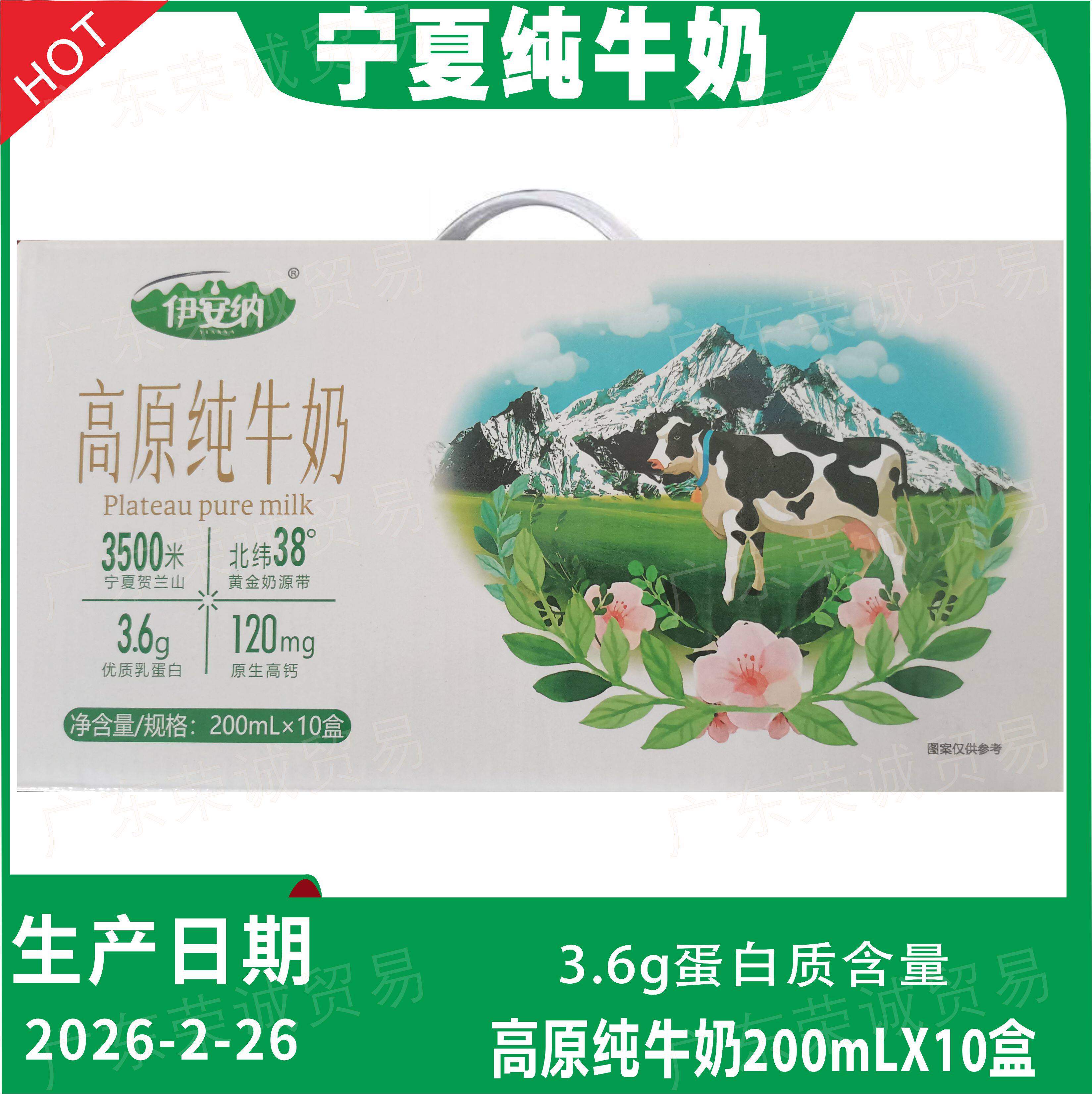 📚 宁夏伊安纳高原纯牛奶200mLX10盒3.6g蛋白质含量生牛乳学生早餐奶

══════

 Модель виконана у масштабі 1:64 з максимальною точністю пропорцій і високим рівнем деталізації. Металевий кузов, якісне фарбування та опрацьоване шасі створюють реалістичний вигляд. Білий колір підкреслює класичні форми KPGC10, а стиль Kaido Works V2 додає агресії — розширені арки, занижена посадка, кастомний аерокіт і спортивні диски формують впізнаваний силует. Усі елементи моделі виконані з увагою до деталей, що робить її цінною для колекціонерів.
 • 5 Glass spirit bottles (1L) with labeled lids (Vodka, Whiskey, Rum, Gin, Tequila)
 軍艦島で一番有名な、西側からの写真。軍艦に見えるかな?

══════

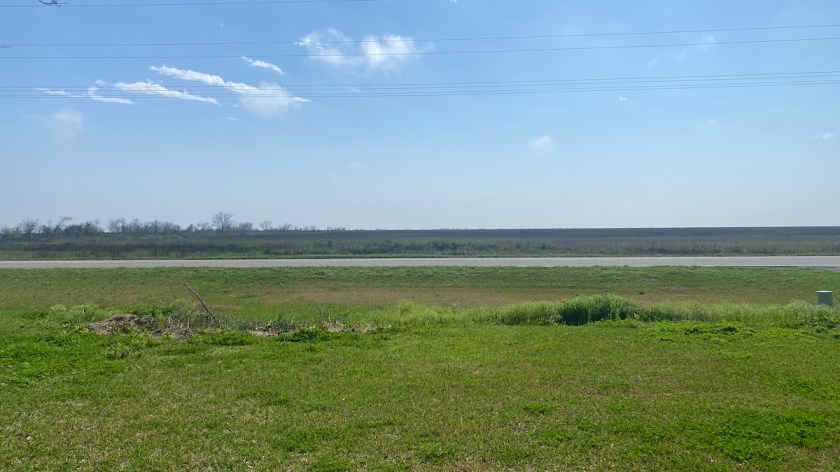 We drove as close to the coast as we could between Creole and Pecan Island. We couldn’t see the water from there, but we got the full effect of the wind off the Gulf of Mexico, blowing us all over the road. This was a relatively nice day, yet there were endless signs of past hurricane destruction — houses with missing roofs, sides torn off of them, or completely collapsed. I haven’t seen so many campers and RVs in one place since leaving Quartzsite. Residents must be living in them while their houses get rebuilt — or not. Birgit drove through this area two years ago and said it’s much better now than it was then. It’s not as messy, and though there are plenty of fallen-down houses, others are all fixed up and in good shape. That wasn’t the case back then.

══════

[Exercise aim]:
Take the listing above and repeat exactly the lines from the one containing "Модель виконана у" through the one containing "軍艦島で一番有名な、西側からの写真。軍艦に見えるかな?", both included.

[Result for this task]:
 Модель виконана у масштабі 1:64 з максимальною точністю пропорцій і високим рівнем деталізації. Металевий кузов, якісне фарбування та опрацьоване шасі створюють реалістичний вигляд. Білий колір підкреслює класичні форми KPGC10, а стиль Kaido Works V2 додає агресії — розширені арки, занижена посадка, кастомний аерокіт і спортивні диски формують впізнаваний силует. Усі елементи моделі виконані з увагою до деталей, що робить її цінною для колекціонерів.
 • 5 Glass spirit bottles (1L) with labeled lids (Vodka, Whiskey, Rum, Gin, Tequila)
 軍艦島で一番有名な、西側からの写真。軍艦に見えるかな?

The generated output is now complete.